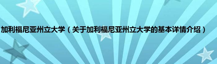 本文关于加利福尼亚州立大学的基本详情介绍就讲解完毕,希望对大家有所帮助。
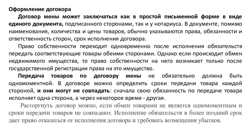 Оформление договора Договор мены может заключаться как в простой письменной форме в виде единого документа, подписанного сторонами, так и у нотариуса. В документе, помимо наименования, количества и цены товаров, обычно указываются права, обязанности и ответственность сторон, срок исполнения договора. Право собственности переходит одновременно после исполнения обязательств передать соответствующие товары обеими сторонами. Однако если происходит обмен недвижимого имущества, то право собственности на него возникает только после государственной регистрации права на это имущество. Передача товаров по договору мены не обязательно должна быть одномоментной. В договоре можно определить сроки передачи товара каждой стороной, и они могут не совпадать : сначала свою обязанность по передаче товара исполняет одна сторона, а через некоторое время - другая. Расторгнуть договор можно, если обмен товарами не является одномоментным и сроки передачи товаров не совпадают. Исполнение обязательств в более поздний срок дает право отказаться от исполнения договора и требовать возмещения убытков.
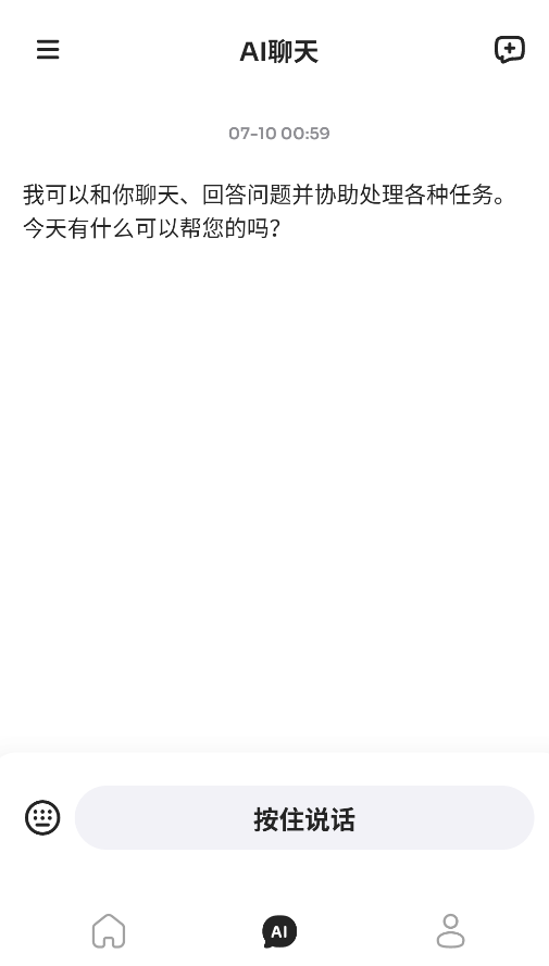 2、进入AI对话窗口,支持文字/语音双输入模式,可解答各类问题并提供生活助手服务。
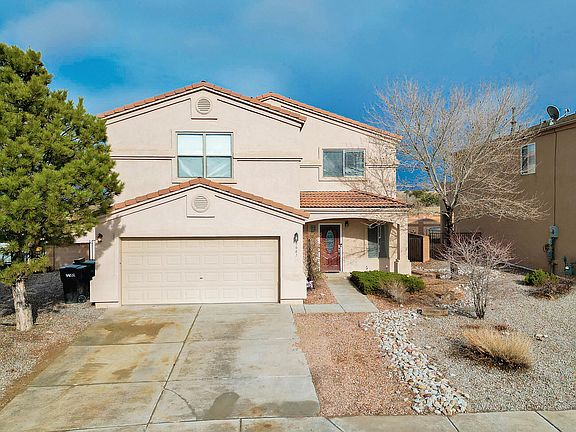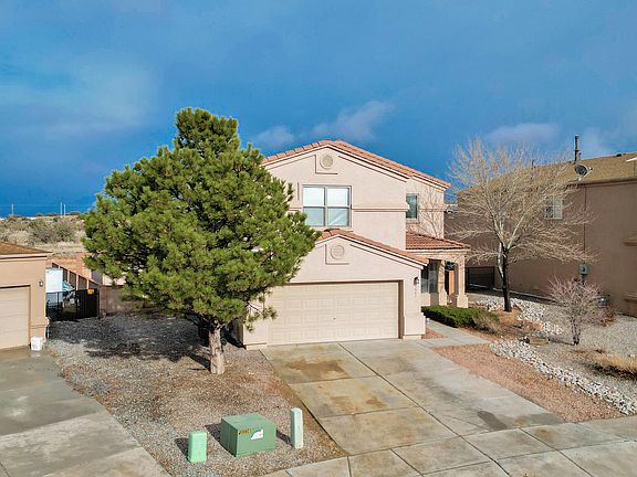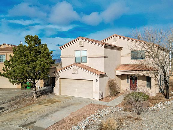 Check out this new listing in Rio Rancho, nestled within the V. Sue Cleveland High School District in Mountain Hawk Subdivision. No HOA or PID & home is completely CARPET FREE! Step through the front door to be greeted by new LVP flooring in both living areas & fresh paint. 2 great rooms provide ample space for entertaining. 2 fireplaces in the home (in the family room & two-way fireplace in the primary bedroom/bath). Kitchen equipped w/ stainless steeled appliances & walk in pantry/laundry room. The upper level includes a loft & 3 guest bedrooms & primary suite. French doors open up to the primary suite which features a balcony to enjoy the views. Primary bathroom includes a jetted tub, shower, double sinks & walk in closet. Backyard is completely walled for privacy. Welcome home!
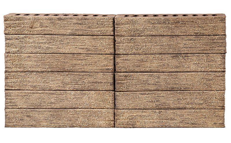 Лицевая поверхность имеет уникальный рельеф, который дополнительно визуально удлиняет кирпич. Также в производстве используется технология торкретирования — нанесение на поверхность декоративного покрытия.
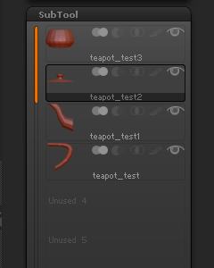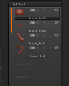 15)새로 생성된 오브젝트에서 4개의 subtool이 결합된것을 확인할수있습니다.
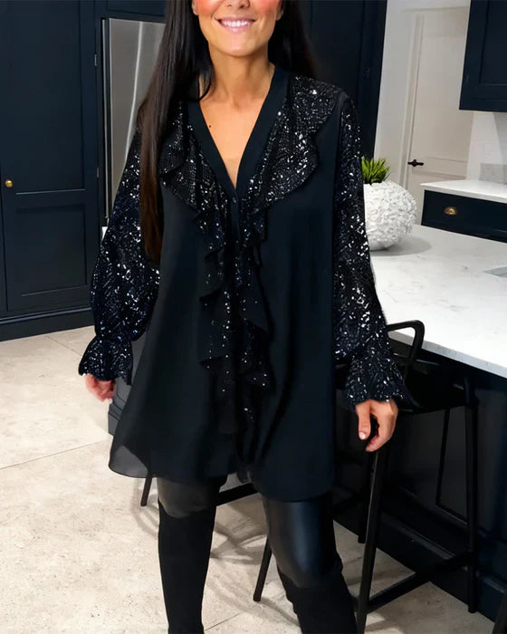 ✔ Efektowne rękawy: błyszczące, lekko transparentne rękawy z delikatnymi mankietami nadają bluzce wyjątkowego charakteru.
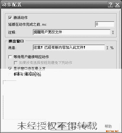 单击“应用”标签,进入通知动作设置,单击“新建”按钮,会出现一个动作下拉列表,其中有六种报警动作方式可供选择,如创建列表、执行程序、弹出窗口、播放音乐等,可根据需要选择一种或者多种报警方式,比如选择“弹出窗口”报警动作方式,此时会打开“动作配置”对话框。单击“注释”文本框,在后面输入“提醒用户更改文件”(此项仅用来说明本操作),再单击“消息”文本框,在后面输入“注意!已经有新内容加入此文件!”(如图3)。为了方便监控,我们可以利用“新建”按钮来创建一个声音报警动作方式。这样如果被监控文件有更改,软件就会弹出窗口并播放提示音(声音只支持WAV文件)。
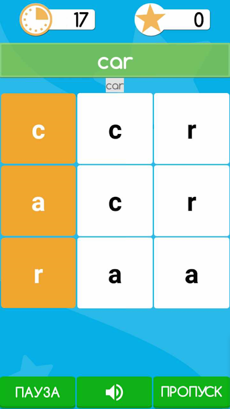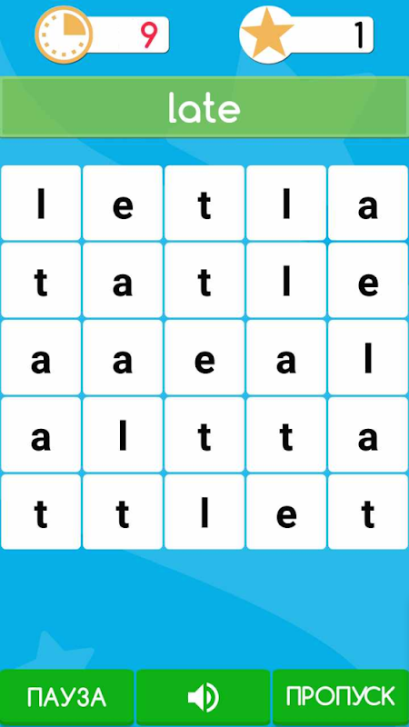 На экране высвечивается слово которое необходимо найти в таблице. Чем быстрее вы это слово найдёте тем больше очков получите.
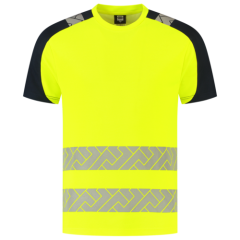Het T-shirt High Vis Redefined van Tricorp is ontworpen voor professionals die hoge zichtbaarheid en comfort nodig hebben tijdens het werk. Dit reflecterende werkshirt is gemaakt van 100% gerecycled polyester, heeft een doekgewicht van 150 g/m2 en is voorzien van Polygiene StayFresh™ technologie, wat zorgt voor langdurige frisheid; ook tijdens lange werkdagen. Dankzij de gesegmenteerde reflectie rondom de torso en schouders biedt het T-shirt uitstekende zichtbaarheid, zonder dat dit ten koste gaat van je bewegingsvrijheid. Het voldoet aan de EN ISO 20471 klasse 2-norm (klasse 1 voor maat XS) en biedt betrouwbare bescherming tegen schadelijke UV-straling dankzij de UPF 40+ classificatie volgens de EN 13758-norm voor UV-beschermende kleding. De ademende en lichte birdseye-constructie zorgt voor extra draagcomfort, terwijl de regular fit en de ronde hals bijdragen aan een prettige pasvorm. Het T-shirt is verkrijgbaar in maten XS tot en met 5XL en leverbaar in de kleuren Fluor Orange-Ink en Fluor Yellow-Ink. Daarnaast blijft het product minimaal 50 wasbeurten van 40 graden voldoen aan de geldende veiligheidsnormen. Combineer dit T-shirt met andere items uit de High Vis Redefined-lijn voor een complete, professionele en duurzame werkoutfit.
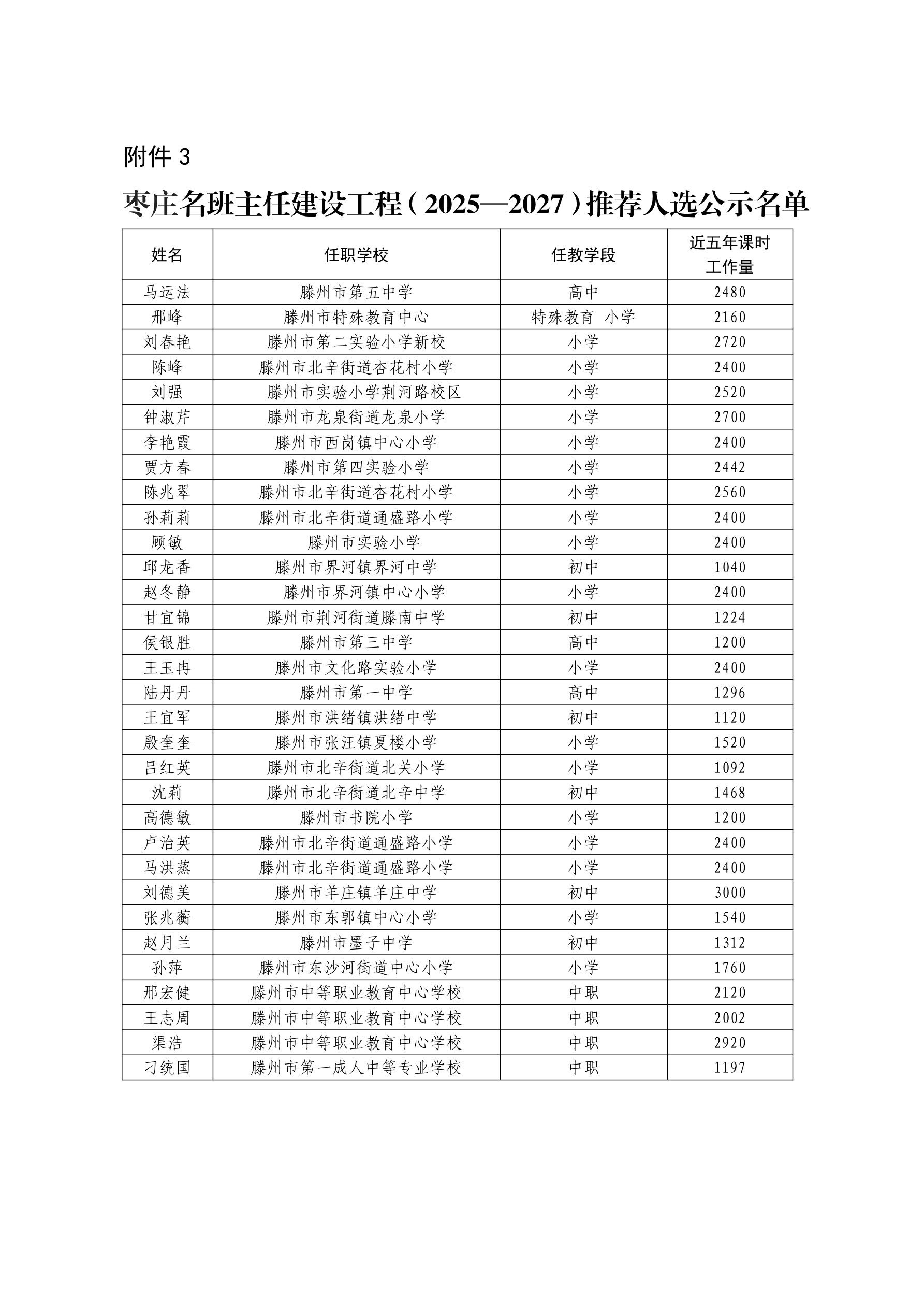 3.枣庄名班主任建设工程(2025—2027)推荐人选公示名单
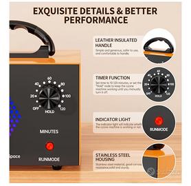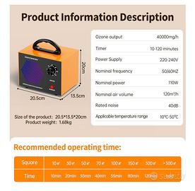 Ozonizzatore ad alta efficienza progettato per la sanificazione profonda dell'aria e l'eliminazione radicale di odori persistenti in grandi ambienti, veicoli e aree commerciali. Nuovo. Specifiche Tecniche e Prestazioni: Potenza di Emissione: 40.000 mg/h per un'azione d'urto su virus, batteri e odori. Area di Copertura: Efficace su superfici fino a 300 metri quadrati. Tecnologia Avanzata: Piastra in ceramica a quattro strati per prestazioni stabili e ventola ad alta velocità (40 dB) per una distribuzione uniforme dell'ozono. Timer Intelligente: Regolabile da 10 a 120 minuti con funzione "Hold" per funzionamento continuo. Design Professionale: Scocca interamente in metallo, impugnatura isolata e peso contenuto di soli 1,68 kg. Ambiti d'Uso: Rimozione Odori: Elimina fumo, odori di cucina, animali domestici, muffa e gas nocivi alla sorgente. Versatilità: Ideale per appartamenti, automobili, hotel, uffici e cucine industriali. ⚠️ Protocollo di Sicurezza (Obbligatorio): Ambiente Vuoto: Vietato l'accesso a persone e animali durante il funzionamento. Post-Trattamento: Attendere 30-60 minuti dopo lo spegnimento prima di rientrare. Ventilazione: Aprire porte e finestre per aerare i locali prima di soggiornarvi. ⏩Offro e pretendo massima serietà, il ritiro in zona è sempre possibile ad Alfonsine (Ra), altrimenti con la modalità di spedizione stabilità in piattaforma. Per favore astenersi perditempo o curiosi. Leggete sempre la descrizione in dettaglio del prodotto, e guardare le foto, il prodotto è nuovo e funzionante la restituzione non è accettata, grazie. ⏪

+---+

▶ **What you are asked to do**
The answer must consist only of the lines from the beginning of the entries above through the line that holds "2、进入AI对话窗口,支持文", reproduced exactly and without pictures.

▶ **Task answer**
 本文关于加利福尼亚州立大学的基本详情介绍就讲解完毕,希望对大家有所帮助。
 Оформление договора Договор мены может заключаться как в простой письменной форме в виде единого документа, подписанного сторонами, так и у нотариуса. В документе, помимо наименования, количества и цены товаров, обычно указываются права, обязанности и ответственность сторон, срок исполнения договора. Право собственности переходит одновременно после исполнения обязательств передать соответствующие товары обеими сторонами. Однако если происходит обмен недвижимого имущества, то право собственности на него возникает только после государственной регистрации права на это имущество. Передача товаров по договору мены не обязательно должна быть одномоментной. В договоре можно определить сроки передачи товара каждой стороной, и они могут не совпадать : сначала свою обязанность по передаче товара исполняет одна сторона, а через некоторое время - другая. Расторгнуть договор можно, если обмен товарами не является одномоментным и сроки передачи товаров не совпадают. Исполнение обязательств в более поздний срок дает право отказаться от исполнения договора и требовать возмещения убытков.
 2、进入AI对话窗口,支持文字/语音双输入模式,可解答各类问题并提供生活助手服务。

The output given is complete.